Humanitarian aid averting Somalia famine, for now: UN says

The report "does not lead to a declaration of famine at this point, in large part thanks to the response of humanitarian organisattions and local communities," UN humanitarian organisation OCHA spokesman Jens Laerke told reporters in Geneva.
3 min read
14 December, 2022
Somalia has long been at the risk of a famine, mainly caused by climate change [Getty]

Humanitarian aid and support from local communities have helped avert a dreaded famine declaration in Somalia this year, but the situation remains "catastrophic," the UN said on Tuesday.

The United Nations humanitarian agency OCHA said the latest assessment found that, technically, Somalia was not yet in the grip of full-blown famine.

The report "does not lead to a declaration of famine at this point, in large part thanks to the response of humanitarian organisations and local communities," OCHA spokesman Jens Laerke told reporters in Geneva.

But, he warned, that "does not mean that people are not experiencing catastrophic food shortages".

"They have kept famine outside the door, but nobody knows for how much longer," he said.

"The underlying crisis has not improved".

The United States announced in response that it was contributing another $411 million in emergency food and other relief to Somalia, bringing its contribution this year to $1.3 billion.

"The warnings of the Famine Review Committee serve not as a stamp of inevitability, but as an alarm bell alerting us to our last lingering opportunities to avoid catastrophe," said Samantha Power, administrator of the US Agency for International Development.

Somalia has been wracked by decades of civil war, political violence and an Islamist insurgency.

Millions of people are at risk of starvation across the wider Horn of Africa, in the grip of the worst drought in four decades after five consecutive failed rainy seasons wiped out livestock and crops.

If assistance is not scaled up, Laerke warned, "famine is expected to occur between April and June 2023 in southern Somalia," including in the capital.

Agropastoral populations in Baidoa and Burhakaba districts, and displaced people in Baidoa town and in Mogadishu itself were most at risk, he said.

World
Live Story

'Step up'

The report indicated surging numbers of people at the highest level on the UN's five-scale food insecurity classification, known as IPC, which means they have dangerously little access to food and could face starvation.

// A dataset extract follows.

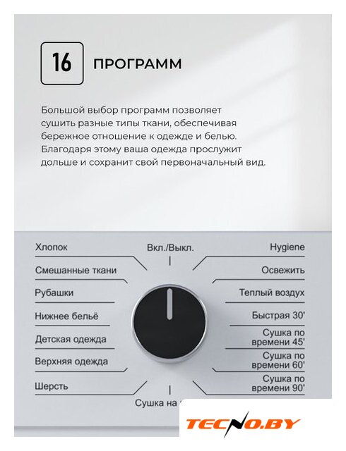 | Все программы | Smart: Автоподбор параметров.Хлопок: Для полотенец и халатов.Смешанные ткани: Хлопок и синтетика.Рубашки: До 5-6 рубашек.Нижнее белье: Для белья.Детская одежда: Для детских вещей.Верхняя одежда: Для пуховиков.Шерсть: Для шерстяных вещей.Сушка на полке: Для обуви.Освежить: Удаление пыли.Быстрая 30′: Для 3 вещей.Сушка по времени: 45′, 60′, 90′. |

When a large enough portion of a population is estimated to be at IPC level 5, a famine is declared.

Between last October and next June, the number of people at IPC5 in Somalia was expected to more than triple from 214,000 to 727,000, according to Tuesday's report.

At the same time, some 8.3 million people across the country are expected to be at crisis level (IPC3) or above between April and June next year, up from 5.6 million today, it said.

A full 2.7 million of them were expected to be at IPC level 4, facing major food shortages, very high acute malnutrition and excess mortality.

"The situation can hardly get any worse," Laerke warned.

He called countries "to step up and help the humanitarian organisations continue the very important and truly life-saving work" in Somalia.

James Elder, a spokesman for the UN children's agency UNICEF said that the famine declaration had, for now, only been averted.

If the world wants to delay a famine declaration further or stave it off altogether, this would require "backbreaking work with proper funding," he said.

"There is no doubt that large numbers of children have died (and) that children are dying now".